# Sub for music



## bob_m (Feb 13, 2012)

Hi All,

I am looking for a new sub-woofer to replace my now defective ACI Titan which I built from a kit many years ago. I am looking for a music solution first and listen at low to moderate levels. My room is 12 x 20 and my mains are NHT Classic 3’s. I was thinking about these three:

PSA 15s
Rythmik 12 or 15 built from Kit
SVS SB-1000/2000

Form all my research I assume I cannot go wrong with either especially at the listening levels I generally use. I should also look at some of these of sealed Dayton kits folks are building over in the DIY forum but figured the Rythmik is a proven design should I go that route. Another sub I looked at was the NHT B12 (great reviews for music) but NHT is currently replacing that model and the new one will not be available until to latter in the year. 

I really like the down firming design of the PSA 15s so I am leaning that way if I don’t build a Rythmik from kit where I can use the same design. Too bad Rythmik dropped their down firing production sub. I remember reading a comment from JMan where he indicated that the Rythmik may have a more relaxed mid-bass compared to the SVS or PSA. That may actually be similar to the ACI titan that I am accustomed so I am keeping that in mind as well. 

Curious as to anyone thoughts. 

Thanks Bob


----------



## tonyvdb (Sep 5, 2007)

I would not concern yourself with the term "musical sub" as if the sub is built well it will do very good at music as well as movies. I do agree that a sub for music only will not need to dig as deep but that said there is no better design that a sub that can.
SVS subs are well known to deliver smooth even bass across the frequency range. I would not worry about the debate over down firing vs front firing as again if built right it matters not. Bass is non directional and you don't nessisaraly want the floor to transmit the bass.


----------



## bob_m (Feb 13, 2012)

Agreed on both of your points. I only like the down firing design because of aesthetics, not because of perceived sound quality differences. Thanks


----------



## theJman (Mar 3, 2012)

All good subwoofers for sure, but you might want to consider the Rythmik options first. Detail is in abundance, but perhaps the biggest thing would be the customizations possible with the various amplifier settings. Through those you can tailor the sound to be pretty much whatever you'd like it to be, and for critical music listening in particular that's quite advantageous.


----------



## Talley (Dec 8, 2010)

Consider the HSU subwoofer also. ULS-15 MK2 is a great sealed sub that would be a stellar performer at music.
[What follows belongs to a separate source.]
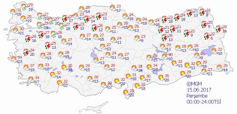 Meteoroloji Genel Müdürlüğünden yapılan son değerlendirmelere göre, Marmara'nın kuzey ve doğusu, Batı Karadeniz, Orta Karadeniz kıyıları, Doğu Karadeniz, Doğu Anadolu'nun kuzeyi ile Çanakkale, Balıkesir, Kütahya, Manisa, Uşak, Amasya çevreleri ile Tokat'ın kuzey kesimleri, Çanakkale'nin doğu kesimleri ve Akdeniz'in iç kesimlerinin yükseklerinin kısa süreli ve yerel olmak üzere sağanak ve yer yer gök gürültülü sağanak yağışlı geçeceği tahmin ediliyor.

I know my HSU does great but the ULS version is a smaller cabinet and higher midbass output.


----------



## Insearchof (Oct 21, 2014)

I'd go the Rythmik route. If you decide not to build, the LV12r can be adjusted to suit your tastes. 
For music I generally use one setting and for movies another. Imo, It is detailed and defined for music for sure. 
Some of the Hsu offerings also allow you to tweak according to your requirements (music vs HT) although I don't believe they have any with the servo control.


----------



## Phillips (Aug 12, 2011)

What about the RELs I have two Strata 5s and they are fantastic, and down firing though they don't make them anymore, cant comment on the others or other RELs.


----------



## Blacklightning (Nov 22, 2011)

Rythmik also has a cheaper "L" model. The Amp does not have the advanced options as the "F" models but you get the same Sound Quality.
http://www.rythmikaudio.com/L12.html $570
http://www.rythmikaudio.com/F8.html


----------



## bob_m (Feb 13, 2012)

I was actually looking at Rel this morning. I also noticed that PSA offers a bundle price for the anti-mode which may help with auto EQ but I don't believe you can customize the correction like you can with the Rythmiks. 
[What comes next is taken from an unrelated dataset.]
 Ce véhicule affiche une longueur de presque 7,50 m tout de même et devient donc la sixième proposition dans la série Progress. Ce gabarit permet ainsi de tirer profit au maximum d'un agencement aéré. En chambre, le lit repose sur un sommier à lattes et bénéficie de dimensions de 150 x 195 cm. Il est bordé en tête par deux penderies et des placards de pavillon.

Jim, do you think you will be getting a PSA 15s in for review soon? 

Thanks -Bob


----------



## Talley (Dec 8, 2010)

Rels are known for good sounding subs. They are pricey though. HSU are known for good sounding subs but there are Rythmik, PSA and SVS are the other three that ring a bell. 

I have heard some Rels before out of the above have only experience with my HSU and I find it to be adequate enough for my needs. Very seamless integration into my system and packs one of a punch.


----------



## tonyvdb (Sep 5, 2007)

REL subs are over priced. I've heard one and was not impressed considering what it cost. You can get more bang for buck going with HSU, SVS, or some of the others mentioned.


----------



## theJman (Mar 3, 2012)

bob_m said:


> Jim, do you think you will be getting a PSA 15s in for review soon?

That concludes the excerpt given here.